DATA UNDER STUDY:

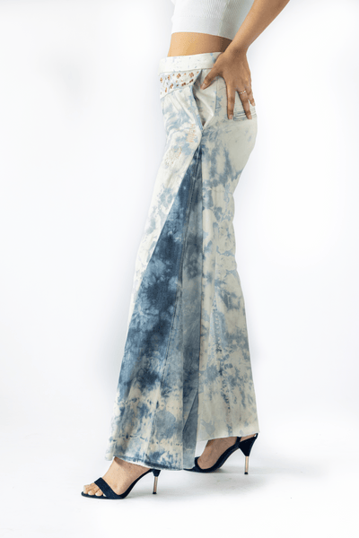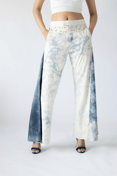 The perfect amalgamation of aesthetic & ethical fashion. The ‘Diploid Denim Pants’ pants aren’t your typical flared pants. We have used two separate shades of bleached denim & embellished them with gold stud detailing. This is what makes them unique & one of a kind.
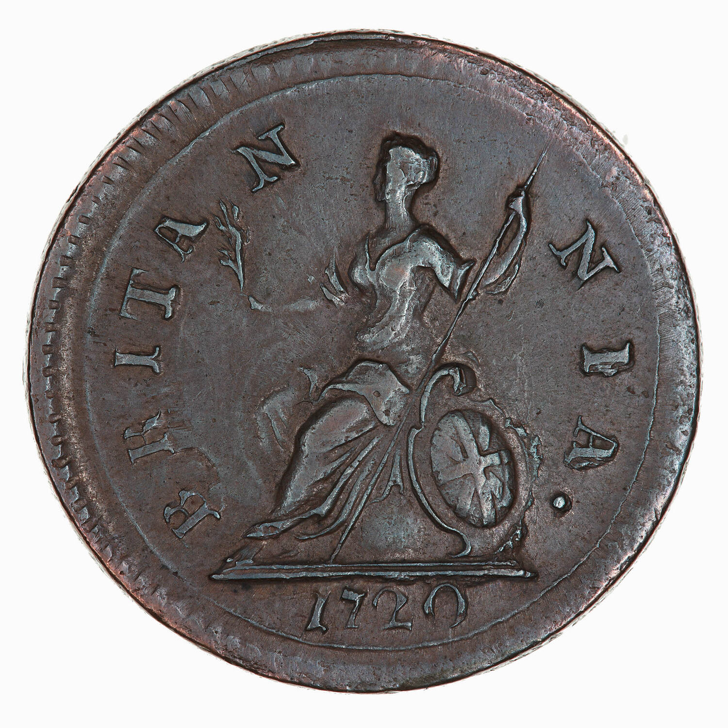 Britannia seated facing left holding an olive branch and a spear; resting at right, a shield with the combined crosses of St. George and St. Andrew; around, BRITANNIA.; in exergue, 1720
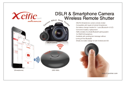 DSLR 카메라 무선 리모콘 ‘셀피 어드밴스(Xelfie Advance)’는 블루투스로 스마트폰과 연동하여 스마트폰을 이용해 DSLR 카메라를 촬영할 수 있는 DSLR 카메라 무선 리모콘이다. Canon, Nikon, Pentax, Sony 4종류의 카메라 모두 호환이 가능하며 촬영 시간을 설정하여 타임랩스 촬영 또한 가능하다.
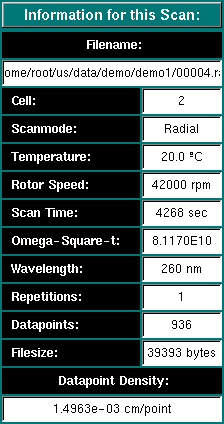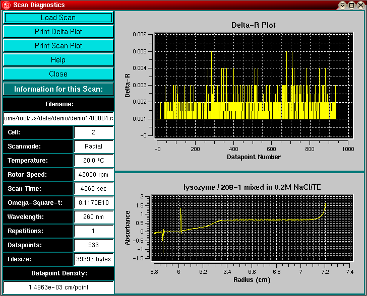 The scan diagnostics utility can be invoked by clicking on the "Diagnostics" entry in the Utility Menu from the Main Menu of UltraScan. The purpose of this module is to present the parameters and contents of a scanfile in a graphical way. In absorbance scans, radial scans are measured with varying radial increments. Since the radial increments are not constant, this module will show the radial increments as delta-r plots. In addition, all parameters are extracted from the file header and shown.
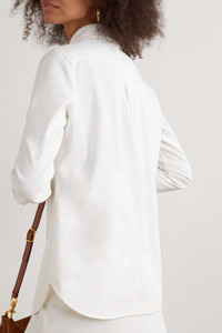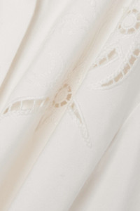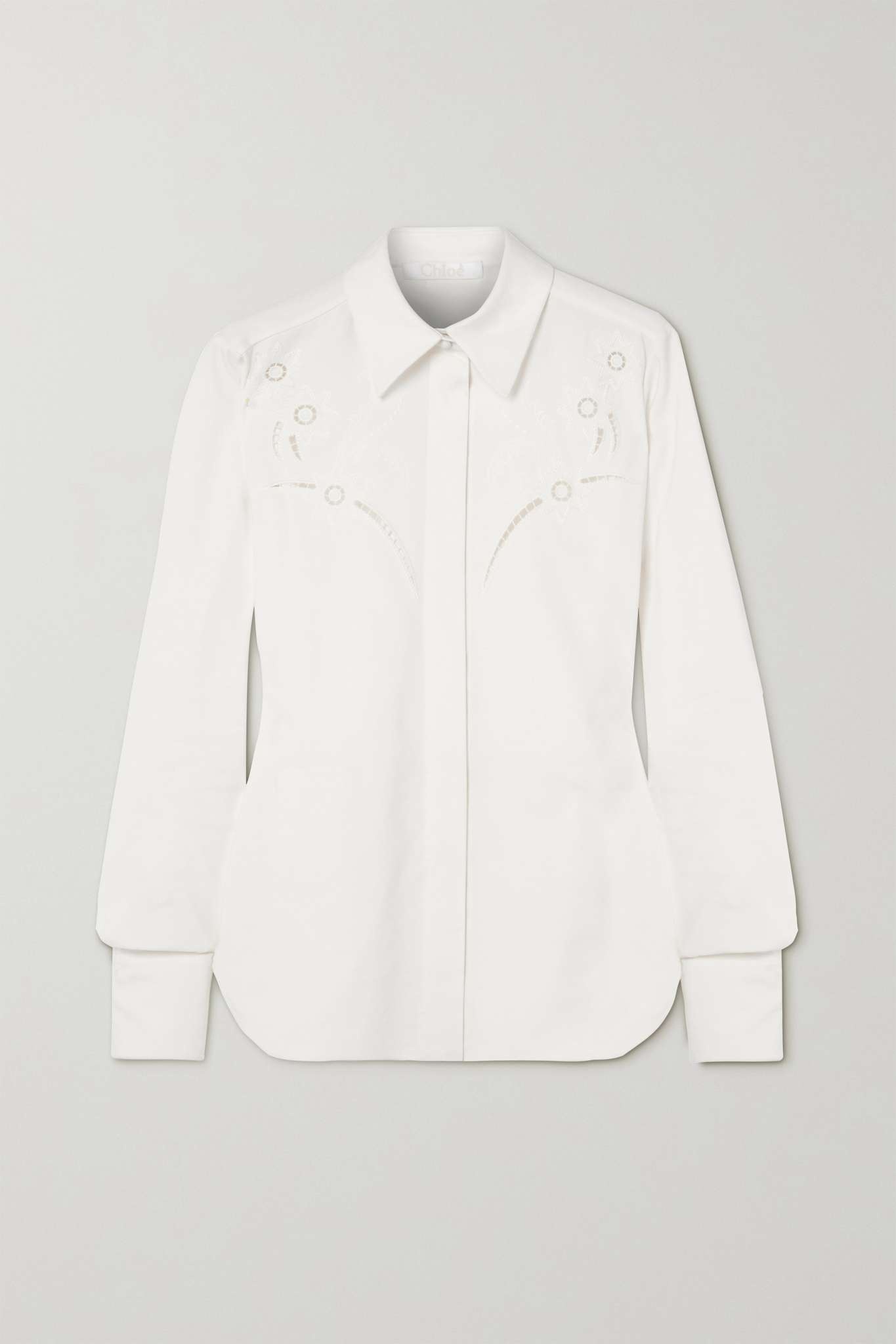 EDITORS'NOTES Chloé's shirt is detailed with delicate embroidery and pointelle stitching at the front. Made from grain de poudre, it's tailored for a slim fit and has a pointed collar and curved hem. Style yours with blue denim and loafers. SIZE & FIT - Fits true to size, take your normal size - Designed for a slim fit - Mid-weight, non-stretchy fabric - Model is 177cm/ 5'10" and is wearing a FR 36 DETAILS & CARE - White grain de poudre - Partially concealed button fastenings through front - 56% viscose, 44% ramie - Designer color: Iconic Milk

PROBLEM REQUIREMENTS: Return only the lines running from the start of the entries above to the line that contains "The scan diagnostics", inclusive, and omit every picture.

WRITTEN RESPONSE:
 The perfect amalgamation of aesthetic & ethical fashion. The ‘Diploid Denim Pants’ pants aren’t your typical flared pants. We have used two separate shades of bleached denim & embellished them with gold stud detailing. This is what makes them unique & one of a kind.
 Britannia seated facing left holding an olive branch and a spear; resting at right, a shield with the combined crosses of St. George and St. Andrew; around, BRITANNIA.; in exergue, 1720
 DSLR 카메라 무선 리모콘 ‘셀피 어드밴스(Xelfie Advance)’는 블루투스로 스마트폰과 연동하여 스마트폰을 이용해 DSLR 카메라를 촬영할 수 있는 DSLR 카메라 무선 리모콘이다. Canon, Nikon, Pentax, Sony 4종류의 카메라 모두 호환이 가능하며 촬영 시간을 설정하여 타임랩스 촬영 또한 가능하다.
 The scan diagnostics utility can be invoked by clicking on the "Diagnostics" entry in the Utility Menu from the Main Menu of UltraScan. The purpose of this module is to present the parameters and contents of a scanfile in a graphical way. In absorbance scans, radial scans are measured with varying radial increments. Since the radial increments are not constant, this module will show the radial increments as delta-r plots. In addition, all parameters are extracted from the file header and shown.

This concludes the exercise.